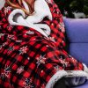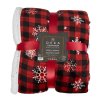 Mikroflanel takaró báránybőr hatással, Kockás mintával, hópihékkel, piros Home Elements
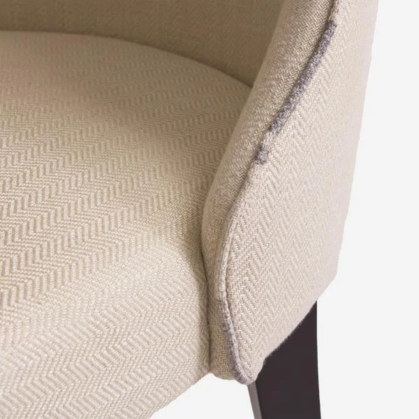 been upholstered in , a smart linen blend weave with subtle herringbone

------------------------------

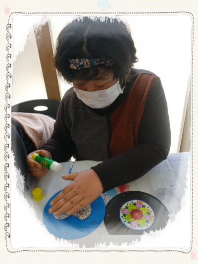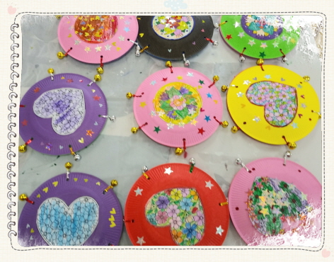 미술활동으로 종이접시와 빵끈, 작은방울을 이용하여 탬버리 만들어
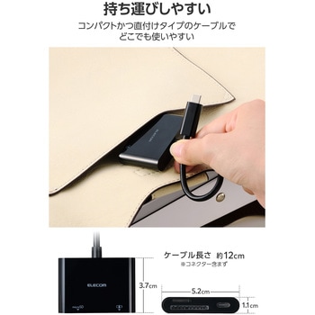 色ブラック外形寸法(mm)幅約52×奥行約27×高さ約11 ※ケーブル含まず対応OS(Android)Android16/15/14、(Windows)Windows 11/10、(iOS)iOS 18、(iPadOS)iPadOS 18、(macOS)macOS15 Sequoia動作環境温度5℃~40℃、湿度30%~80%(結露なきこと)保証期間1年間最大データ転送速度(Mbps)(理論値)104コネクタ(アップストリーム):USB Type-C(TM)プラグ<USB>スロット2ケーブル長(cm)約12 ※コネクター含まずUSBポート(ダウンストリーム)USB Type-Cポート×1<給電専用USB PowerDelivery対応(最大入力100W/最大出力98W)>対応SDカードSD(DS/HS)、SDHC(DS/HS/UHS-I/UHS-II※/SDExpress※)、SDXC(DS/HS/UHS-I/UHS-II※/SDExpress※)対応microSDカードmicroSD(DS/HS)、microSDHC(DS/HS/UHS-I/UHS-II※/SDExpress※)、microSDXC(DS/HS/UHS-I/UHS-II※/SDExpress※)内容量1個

------------------------------

*TASK DETAILS*. In the listing above, find the line containing "Mikroflanel takaró báránybőr" and the line containing "been upholstered in", then output those two lines and everything between them exactly as written, without the images.

*WRITTEN SOLUTION*.
 Mikroflanel takaró báránybőr hatással, Kockás mintával, hópihékkel, piros Home Elements
 been upholstered in , a smart linen blend weave with subtle herringbone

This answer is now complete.